Phenotypes were simulated assuming an underlying equicorrelation structure where all off-diagonal values of R were equal to ρ, where ρ ∈ {0, 0.5}. Disturbance was also added to the underlying correlation matrix, R, for some simulations so that the methods could be systematically tested in situations with unstructured correlation structures. To create a disturbed correlation matrix, a vector was created consisting of five random values from a continuous Uniform(—b, b) distribution, where b ∈ {0, 5}. Then, this vector was multiplied by its transpose to create a 5 ×5 square matrix, B, of rank 1. Finally, B was added to R and the resulting matrix was converted to a correlation matrix to create a disturbed underlying correlation matrix, R*, for simulating phenotypes.
For Type-I error simulations where σcausal = 0 for all SNPs, a total of 10,000 simulations were run for each scenario. For all power simulations, a total of 1,000 simulations were run for each scenario.
The performance of the functional F-statistics were compared to two other multi-phenotype, gene-based methods: ACAT and GAMuT. For all of the comparison methods, the raw (i.e., not flipped and not smoothed) genetic data were used. SNP-level analyses for ACAT were performed separately for each phenotype assuming an additive mode of inheritance using linear regression models via the lm() function in R.
3 Results
3.1 Simulations
3.1.1 Type I Error
All methods had relatively conservative Type I error rates across the simulation scenarios, though they all tended to become more accurate as the sample size, n, and gene size, m, increased. See Table 1 for Type-I error rates at α = 0.05 for each method stratified by gene size, number of observations, correlation among phenotypes, and correlation disturbance.
Type 1 error at α = 0.05 for each method stratified by gene size, number of observations, correlation among phenotypes, and correlation disturbance.
Under simulation scenarios with no correlation disturbance, ACAT tended to have the best control of Type I error especially for smaller sample sizes. However, as the sample size increased and as disturbance was added to the correlation, the functional F-statistics tended to perform better. Interestingly, whenever disturbance was added, ACAT’s Type I error tended to suffer while GAMuT and the functional F-statistics tended to be either unaffected or become more accurate. Notably, the Type I error rate of the newly derived functional F-statistic was consistently lower than that of the Shen and Faraway functional F-statistic which made it more conservative in all but one scenario (with a gene size of 25,000 bases, sample size of 500, no correlation among phenotypes, and correlation disturbance).
3.1.2 Power
No single method had the highest power across all simulation scenarios, but some general trends were apparent. Overall, power increased for all methods as the sample size, gene size, number of causal variants, and causal effect size increased. Additionally, all methods tended to achieve their lowest power in scenarios where the phenotypes were independent (ρ = 0, and b = 0) while they tended to achieve their highest power in scenarios with high amounts of correlation (ρ = 0.5, and b = 5). Differences between the methods were observed based on causal effect sizes and correlation structures.

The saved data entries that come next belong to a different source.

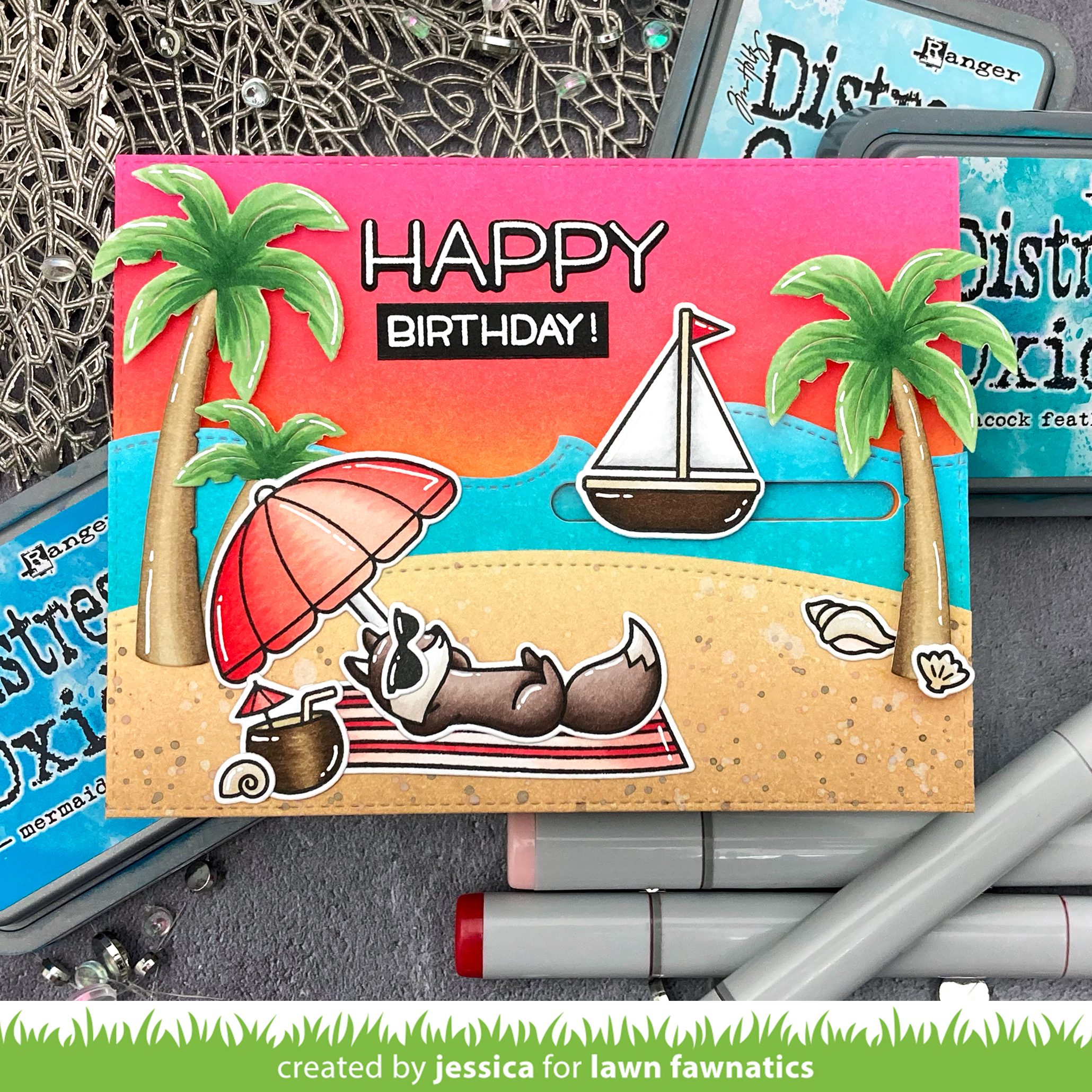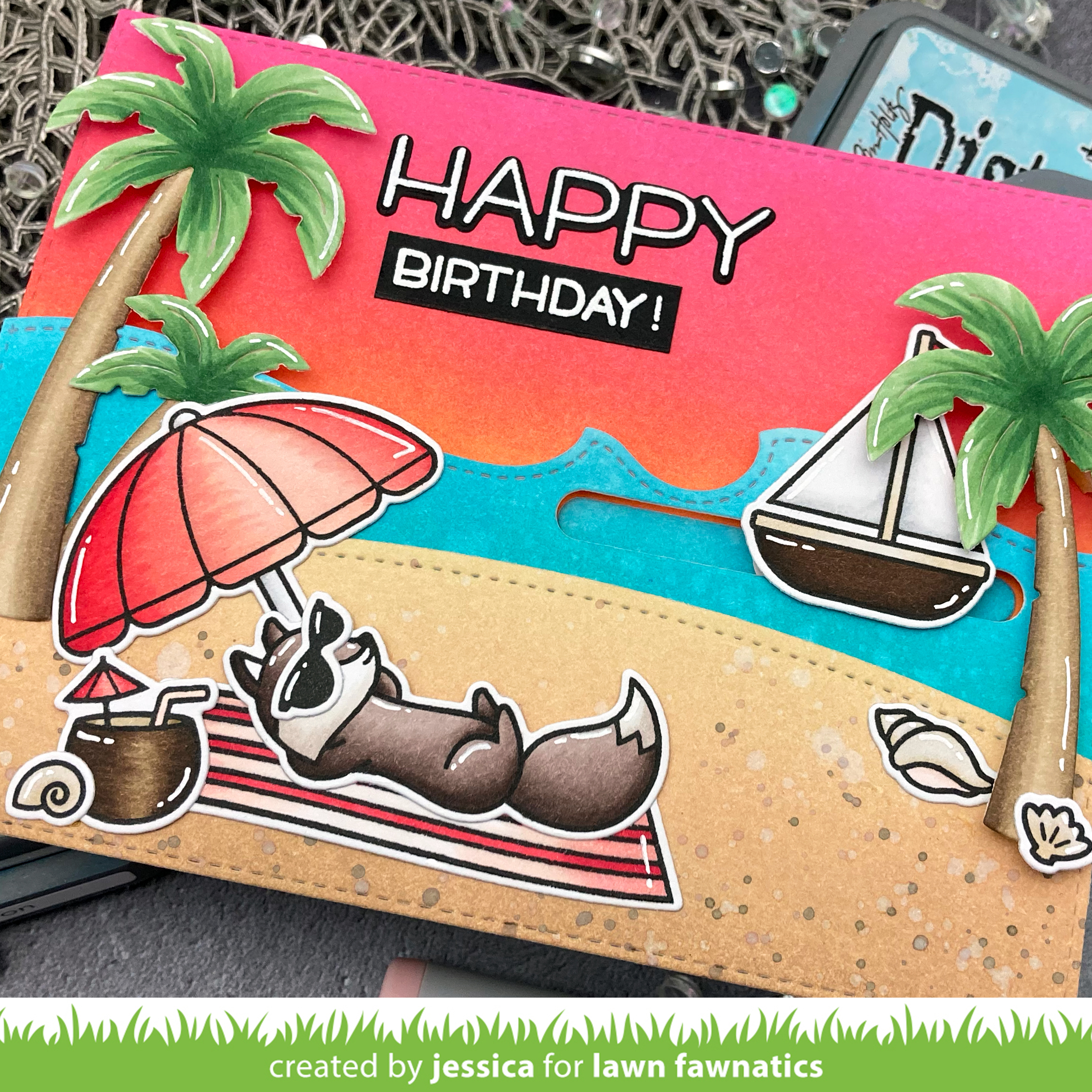 To put the card together I started by adhering the sky to an A2 panel. I die-cut a slider channel on the waves and then adhered it to the card with foam tape before using foam dots to add the sailboat to the channel. Then I built up the rest of my scene with a mix of foam tape and regular ATG adhesive. Especially when building scenes I like to use foam tape to add a little extra dimension…for example, I love how the palm trees kinda pop off this card! To finish the scene I added a few accents with a white gel pen and nuvo crystal glaze.
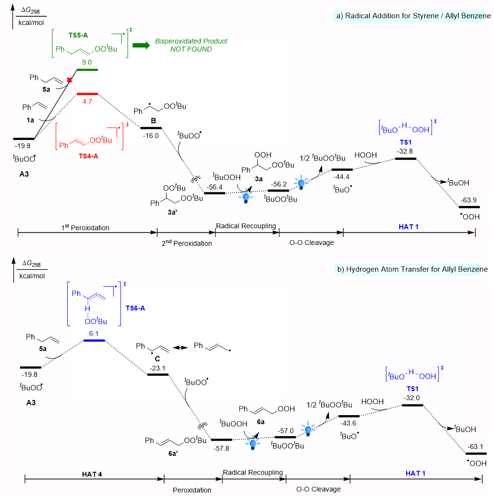 Scheme 6 a) Profiles of the addition pathways for the styrene or allyl benzene substrates in the bisperoxidation pathway; b) profiles of the HAT pathways for the allyl benzene substrate in the hydroperoxidation pathway(来源:Green Chem.)
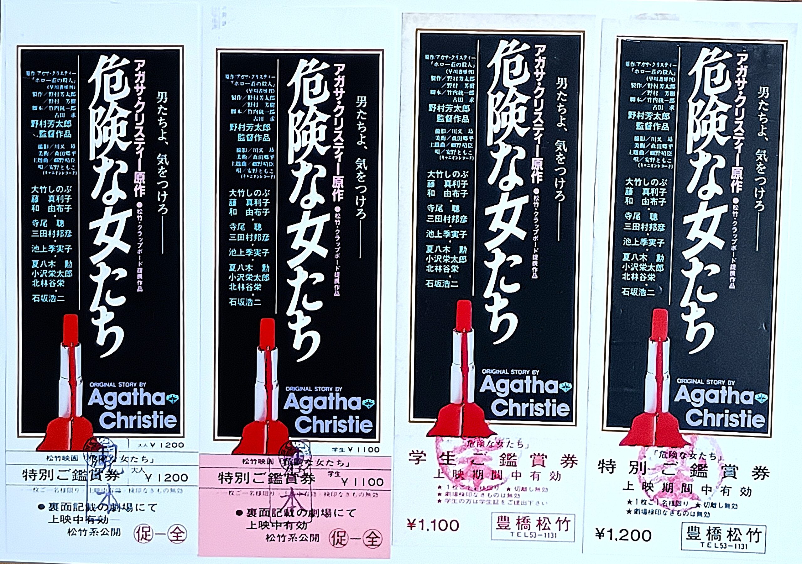 キケンナオンナタチ/原作:アガサ・クリスティ「ホロー荘の殺人」。脚本・監督:野村芳太郎。音楽:杉田一夫。主題歌:安部ともこ。アガサ・クリスティの推理小説『ホロー荘の殺人』をもとに、竹内銃一郎と古田求がシナリオを執筆、野村芳太郎がメガホンをとったミステリー。石坂浩二が事件の謎を探る推理作家に扮し、金田一耕助ばりの活躍を見せる。神戸の病院で院長を務める絹村健一郎と妻ハナが暮らす白浜の別荘に、息子の升森弘、娘の藤井冴子と水野美智子が訪れる。院長代行の棚瀬秀雄も妻の紀子を伴い来訪、別荘の隣に住むミステリー作家の枇杷坂周平と秀雄の息子の守も加わり、会食が始まった。そこへかつて秀雄の恋人だった橋まゆみが現れ、別荘が停電になったので見てほしいと秀雄を連れ出した。翌朝、健一郎の家族は揃って釣りに出かけるが、一発の銃声が鳴り響き状況が一変。そこには血を流して倒れた秀雄と、銃を手に立ち尽くす紀子の姿があった。室内劇スタイルで贈る極上の犯人当てミステリー。1985年5月25日公開豊橋松竹。【サイズ:豊橋ピカデリー割引券】【年代:1985年】

For modest causal effect sizes (σcausal < 0.25), the functional F-statistics were the most powerful methods regardless of gene size, number of causal variants, and correlation structure (Figure 2). The performance of the functional F-statistics were similar to one another, though the Shen and Faraway F-statistic tended to have slightly higher power for the smallest causal effect sizes. While ACAT and GAMuT performed worse than the functional F-statistics for modest effect sizes, especially at smaller sample sizes, their performance relative to one another differed substantially based on the underlying correlation structure. ACAT was far more powerful than GAMuT when the phenotypes were independent (ρ = 0, and b = 0) and GAMuT was far more powerful than ACAT when there were high amounts of correlation among the phenotypes (ρ = 0.5, and b = 5). Under their respective most powerful correlation structures, ACAT and GAMuT were able to match the performance of the functional F-statistics at the largest sample size (N = 500).
Statistical power for simulations assuming 5 continuous phenotypes, 5 causal variants, and causal effect sizes simulated from a normal distribution with µ = 0 and σcausal = 0.15.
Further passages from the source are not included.